--- Goal of the exercise ---
All of the data should be output character for character, except the pictures.

--- Information shown ---

☆ ☆ ☆ ☆ ☆

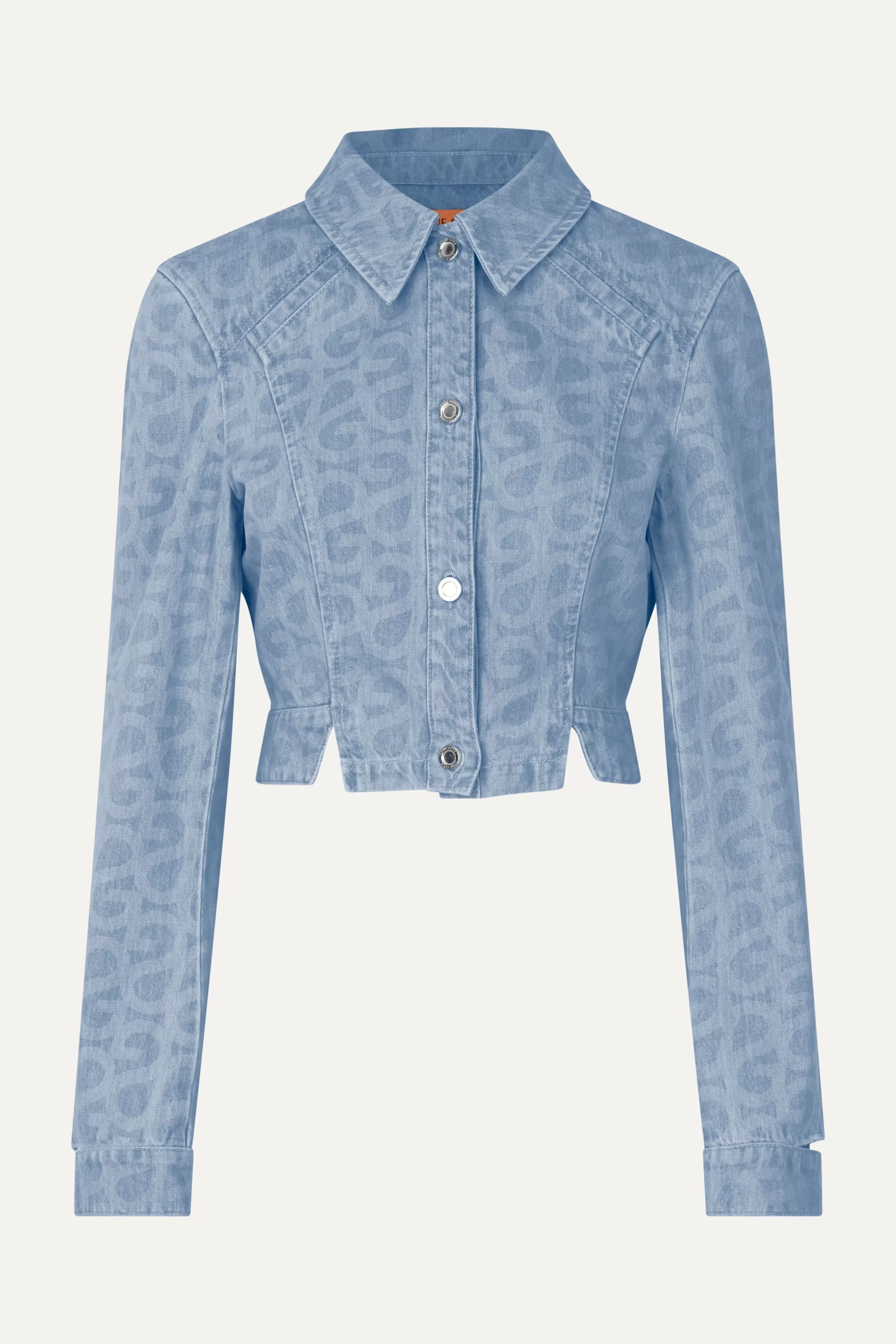 Cropped, langærmet denim jakke med STINE GOYA logo mønster, knaplukning foran, boxy skuldre og udskæringsdetaljer.100…
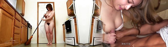 Fur Covered brunette Beryl Aspen strips while she cleans to show off her huge booty
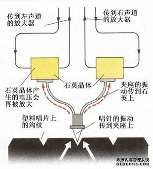 唱片机,又名留声机。是一种放音装置,其声音储存在以声学方法在唱片圆盘平面上刻出的弧形刻槽内,唱片置于转台上,在唱针之下旋转,当唱针沿着沟槽移动, 针尖随沟槽波动而轻微地振动。这个振动通过机械装置传送一个膜而将其放大并散发在空气中。当唱盘转动速度与录音时一样, 声音就被准确地恢复出来。如图所示:
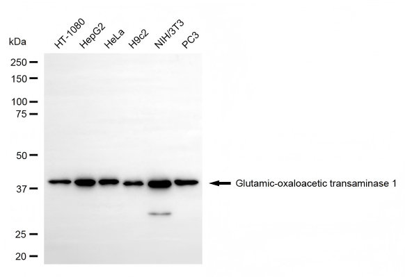 Western blotting analysis using glutamic-oxaloacetic transaminase 1 antibody. Total cell lysates (30 μg) from various cell lines were loaded and separated by SDS-PAGE. The blot was incubated with glutamic-oxaloacetic transaminase 1 antibody and HRP-conjugated goat anti-rabbit secondary antibody respectively.

☆ ☆ ☆ ☆ ☆

--- Exercise result ---
 Cropped, langærmet denim jakke med STINE GOYA logo mønster, knaplukning foran, boxy skuldre og udskæringsdetaljer.100…
 Fur Covered brunette Beryl Aspen strips while she cleans to show off her huge booty
 唱片机,又名留声机。是一种放音装置,其声音储存在以声学方法在唱片圆盘平面上刻出的弧形刻槽内,唱片置于转台上,在唱针之下旋转,当唱针沿着沟槽移动, 针尖随沟槽波动而轻微地振动。这个振动通过机械装置传送一个膜而将其放大并散发在空气中。当唱盘转动速度与录音时一样, 声音就被准确地恢复出来。如图所示:
 Western blotting analysis using glutamic-oxaloacetic transaminase 1 antibody. Total cell lysates (30 μg) from various cell lines were loaded and separated by SDS-PAGE. The blot was incubated with glutamic-oxaloacetic transaminase 1 antibody and HRP-conjugated goat anti-rabbit secondary antibody respectively.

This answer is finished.